The numbers of patients in the two studies is small, and Cohen expresses discomfort with a treatment that sounds, well, mushy—it goes by the cloying name of “tender loving care.” But his wife, herself a miscarriage veteran, identifies strongly with the researchers’ conclusion that the clinics succeed by confronting their patients’ despondence, fatalism, and panic. One of the specialists Cohen shadows, Danny Schust at Brigham and Women’s Hospital in Boston, doesn’t even diagnose a specific problem in a third of his patients. That’s OK: Until the science advances, a lot of women will settle for a knowledgeable hand to hold.

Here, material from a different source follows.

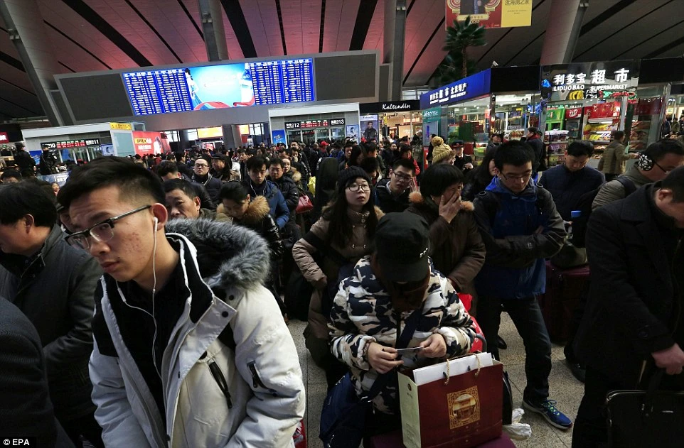 Đây là khoảng thời gian cao điểm của năm khi hàng triệu người đổ xô về quê ăn Tết Nguyên đán. Đối với nhiều người mưu sinh ở những nơi xa xôi, đây là cơ hội duy nhất để họ đoàn tụ gia đình trong cả năm qua. Kỳ nghỉ xuân tại Trung Quốc kéo dài khoảng 40 ngày và sẽ kết thúc vào ngày 3-3 (dương lịch).

Those hands aren’t always easy to find. Miscarriage isn’t a specialty that pays well—with no big-ticket procedure to offer, the exams and counseling add up to a lot of time spent without much remuneration. The clinics that specialize in pregnancy loss often accept only patients who have miscarried at least three times. In policy terms, that’s a sensible choice, given the numbers that show most women muddling through to a full-term pregnancy on their own. But for the minority who must wait for help as they try and fail again and again, each loss is its own measure of suffering.

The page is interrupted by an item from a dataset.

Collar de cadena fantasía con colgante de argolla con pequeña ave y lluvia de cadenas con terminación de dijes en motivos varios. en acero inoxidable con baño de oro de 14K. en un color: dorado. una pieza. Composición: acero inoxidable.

Much about the science of miscarriage is still unknown. Cohen’s book makes the case that the most useful advances will be better tests for those conditions associated with miscarriages—so that would-be parents and their doctors can know what they’re dealing with. The majority of miscarriages shouldn’t be prevented, and miscarriage specialists don’t need their own version of a big-gun treatment like IVF. They need to know more about how to tinker with care around the edges of nature.